Платформа Kubernetes является одной из самых популярных систем для оркестрации контейнеров. Со временем многие организации полностью переводят свою инфраструктуру и проекты на «рельсы» Kubernetes. Однако здесь возникают вопросы безопасности, связанные с необходимостью контроля – кто и как сможет получать доступ к кластеру Kubernetes. По умолчанию подключиться к кластеру Kubernetes может каждый – для этого достаточно стандартного конфигурационного файла с именем config. Для решения данных проблем безопасности существует продукт под названием Teleport.
Teleport – это инструмент для быстрого и безопасного подключения к Kubernetes-кластерам, а также к другому ПО (см. список ниже). Утилита предоставляет расширенные возможности, такие как аудит и аутентификация.
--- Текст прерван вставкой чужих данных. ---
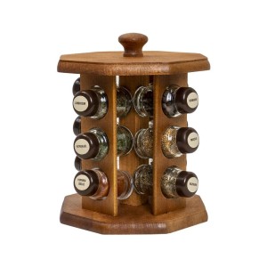 Suport din Lemn si 12 Sticle cu Condimente
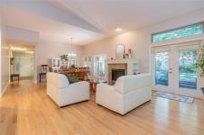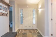 Welcome to Saint Andrews Lane in French Creek, a charming seaside community just moments from Parksville and it's amenities. This 2005-built half duplex offers rare privacy with lush back & side yards. Spanning 2,432 sqft, it features vaulted ceilings, gas fireplace & open kitchen with eating bar. The flowing layout is perfect for entertaining, with a dedicated dining area including a cozy den at the rear. The spacious primary suite opens to the outdoors and boasts a bright ensuite with double vanities & two walk-in closets. A main-floor second bedroom sits beside a full bath, and the well-appointed laundry room offers ample cabinetry & a sink. Upstairs, a converted loft creates the 3rd bedroom with half bath-ideal for guests or remote work. Double garage, extra driveway parking & no-maintenance landscaping. Adult-oriented neighbourhood with no age restrictions here. Situated on the east coast of Vancouver Island, known for spectacular beaches & tranquil lifestyle. Come see it!

Помимо Kubernetes, Teleport можно использовать для аутентификации с такими системами как:
Облачные провайдеры – Amazon, Google Cloud, Microsoft Azure;
Операционные системы – Windows, Linux;
СУБД – Redis, CockroachDB, MongoDB;
Системы для поиска и анализа данных – Elasticsearch
Среди достоинств Teleport можно выделить следующие:
Способы подключения
Teleport позволяет удаленно подключаться к Kubernetes-кластерам с использованием протоколов SSH или TLS. Также присутствует встроенный веб-интерфейс.
Аудит
Teleport отслеживает все действия, которые пользователь совершает внутри системы (кластера), и предоставляет расширенные функции, такие как фильтры, хронология, уведомления, управление учетными записями и т. д.
Аутентификация
Teleport использует многофакторную аутентификацию, чтобы удостоверить личность пользователя.
Управление учетными записями
Teleport может управлять учетными записями для того, чтобы проверить, что пользователь имеет доступ только к разрешенным ресурсам.
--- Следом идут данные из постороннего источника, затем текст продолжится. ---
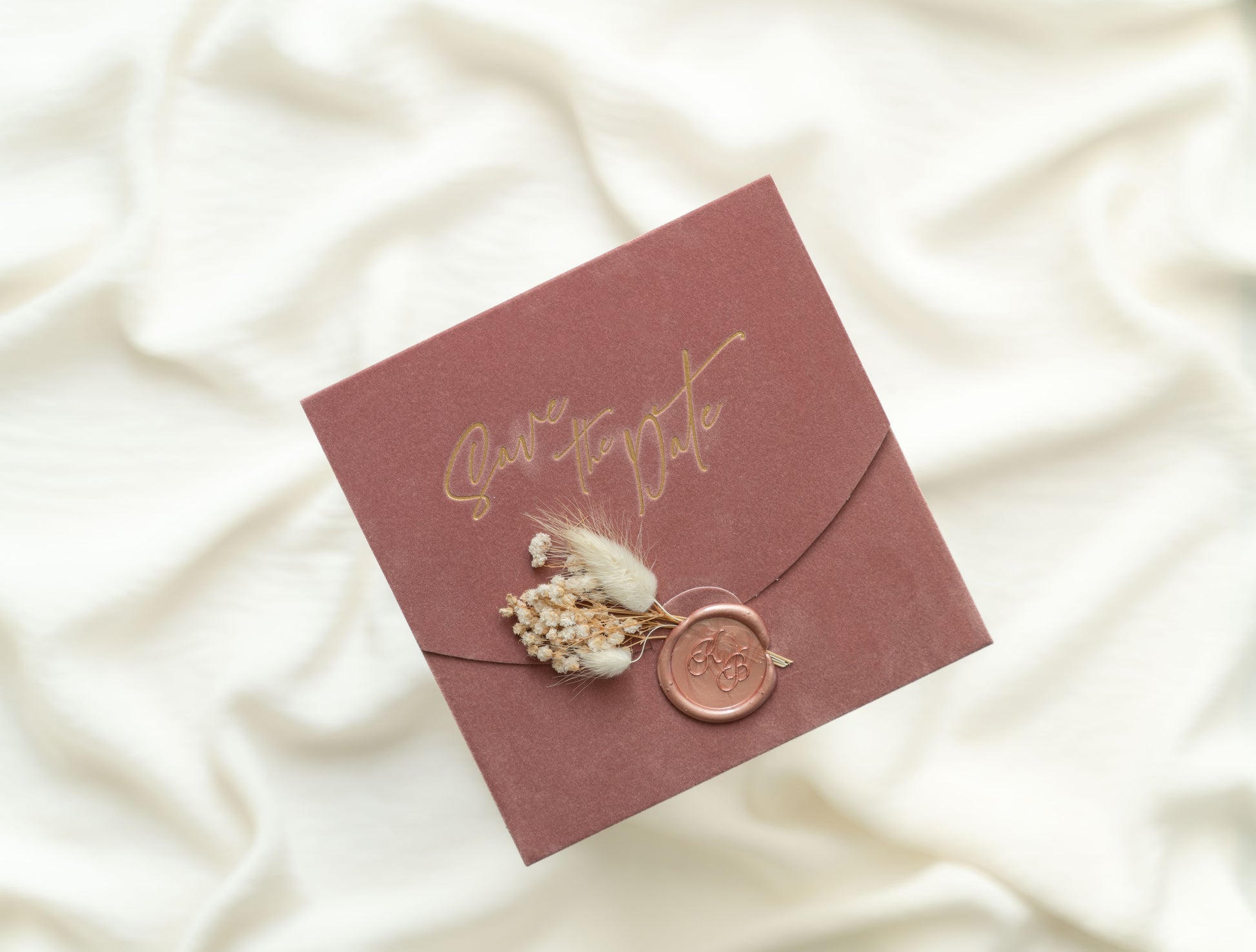 Elevate your special day with our Square Velvet Wedding Invitation. The luxurious velvet adds a touch of sophistication and the customizable design allows you to make it truly your own. The wax seal adds an elegant finishing touch, making this invitation a true work of art.

Teleport был создан в 2016 году Американской компанией Gravitational Inc, которая специализируется на развертывании приложений на базе платформы Kubernetes. Программа доступна в двух редакциях – Community (бесплатная версия с открытым исходным кодом) и Enterprise (коммерческая платная версия). В редакции Enterprise, помимо клиентской поддержки, также доступны расширенные варианты SSO (англ. Single Sign-On — Технология единого входа), поддержка облачных провайдеров, наличие FedRAMP & SOC 2. Также в Enterprise версии можно создать демо-стенд, чтобы протестировать работу всех функций программы. С полным списком доступных функций можно ознакомиться на официальном сайте. Среди крупных клиентов, которые используют Teleport, можно выделить Samsung, Twitch, NASDAQ, IBM.
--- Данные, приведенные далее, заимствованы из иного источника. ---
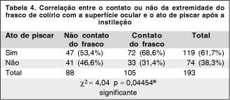 A tabela 4 correlaciona o contato ou não da extremidade do frasco de colírio com a superfície ocular e o ato de piscar repetidamente logo após a instilação, observando-se haver relação estatisticamente significativa entre eles (c2 = 4,04 p = 0,04454*).
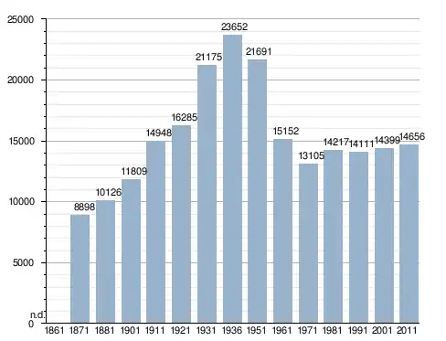 في سنة 1871 بلغ عدد السكان 8٬898 نسمة، وتطور العدد ليصل في سنة 2011 لـ 14٬656 نسمة.

Архитектура и принцип работы Teleport
Teleport написан на языке программирования Go и состоит из трех независимых друг от друга исполняемых файлов:
tsh (клиент командной строки);
tctl (инструмент администрирования);
teleport (серверный демон).
Представляет собой прокси-сервер, предназначенный для доступа и аутентификации к требуемым системам (операционным системам, СУБД и т. д.). Управление доступом реализовано на основе ролей RBAC.
Клиент командной строки tsh предназначен для входа на конечные ресурсы и выполнения команд.
Инструмент администрирования tctl используется для создания пользователей, ключей сертификатов, а также может применяться для изменения динамической конфигурации кластеров Kubernetes, например, для создания новых ролей.
Демон сервера teleport может работать в трех режимах:
Node. В этом режиме демон предоставляет SSH и Kubernetes доступ к серверу, на котором он работает;
Прокси-сервер. В этом режиме демон действует как удостоверяющий личность прокси для всех протоколов, поддерживаемых Teleport (SSH, HTTPS, Kubernetes API);
Сервер аутентификации. В этом режиме демон действует как центр сертификации, который выдает сертификаты для пользователей. Также хранит журнал аудита.
На скриншоте ниже изображен принцип работы Teleport:
Алгоритм работы Teleport следующий:
Пользователь выбирает один из нескольких способов подключения к кластеру Kubernetes (например, клиент командной строки tsh);
Далее запрос переходит к серверному демону teleport, который, в свою очередь, отправляет запрос Identity Provider – системе, предназначенной для создания и хранения цифровых идентификационных данных (логин, пароль и т. д). В качестве провайдеров Teleport поддерживает следующие системы:
Azure Active Directory;
Active Directory;
Google Workspace;
GitHub;
GitLab;
OneLogin;
OIDC;
SSO
После того как в Identity Provider найдены аутентификационные данные пользователя, запрос возвращается демону teleport, который обрабатывает поступивший запрос и разрешает доступ к кластеру Kubernetes или другой конечной системе.
Установка Teleport
Установить Teleport можно на такие операционные системы, как macOS и Linux. На Windows можно установить только утилиту tsh (клиент командной строки), тем самым ОС семейства Windows поддерживают только клиентскую часть. Teleport можно установить следующими способами:
В этой статье мы будем устанавливать Teleport на операционную систему Ubuntu 22.04 (Jammy Jellyfish) из официального репозитория. Версия Teleport 12.0.1. Задействуем 2-нодовый кластер Kubernetes версии 1.26.2. С полным списком всех требований можно ознакомиться на официальном сайте, там же доступны подробные инструкции по установке.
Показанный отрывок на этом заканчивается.